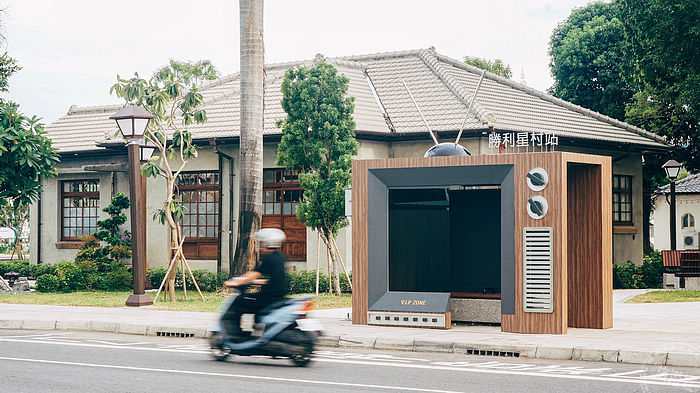 這是公車候車亭,勝利星村站「菜櫥仔」造型
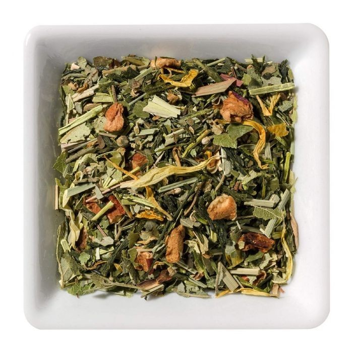 Een unieke en originele blend van groene rooibos met appel linde, citroengras, duidoornbes, meidoorn, verbena, heide, rozeknop, korenbloem, foliumzuur biotine. Vitamine CB1 B2 B12
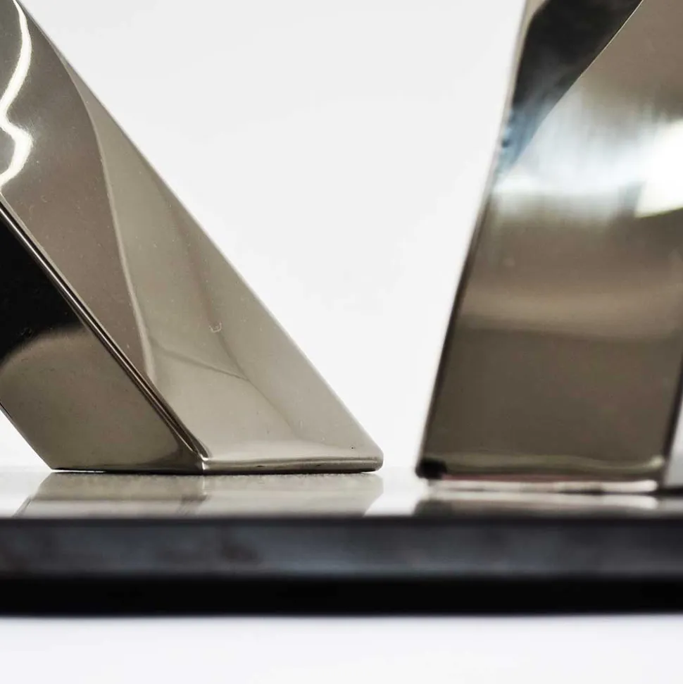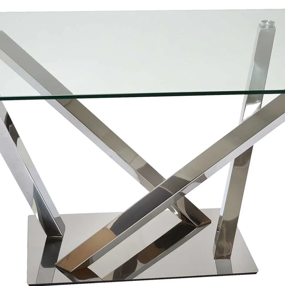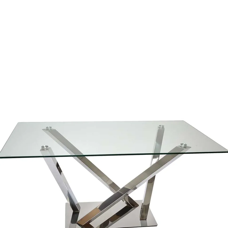 Der Esszimmer Glastisch Tyres ist ein gestalterisches Meisterwerk aus Edelstahl und Sicherheitsglas. Die rechteckige Formgebung der 15 mm starken Platte aus Sicherheitsglasplatte und die glänzend polierte Metall-Oberflächen des extravaganten Mikado-Gestells mit Bodenplatte aus Edelstahl machen den Tisch zu einem bemerkenswerten Eyecatcher.

**The task**: Pictures are to be left out; repeat all the remaining data exactly.

**Task response**:
 這是公車候車亭,勝利星村站「菜櫥仔」造型
 Een unieke en originele blend van groene rooibos met appel linde, citroengras, duidoornbes, meidoorn, verbena, heide, rozeknop, korenbloem, foliumzuur biotine. Vitamine CB1 B2 B12
 Der Esszimmer Glastisch Tyres ist ein gestalterisches Meisterwerk aus Edelstahl und Sicherheitsglas. Die rechteckige Formgebung der 15 mm starken Platte aus Sicherheitsglasplatte und die glänzend polierte Metall-Oberflächen des extravaganten Mikado-Gestells mit Bodenplatte aus Edelstahl machen den Tisch zu einem bemerkenswerten Eyecatcher.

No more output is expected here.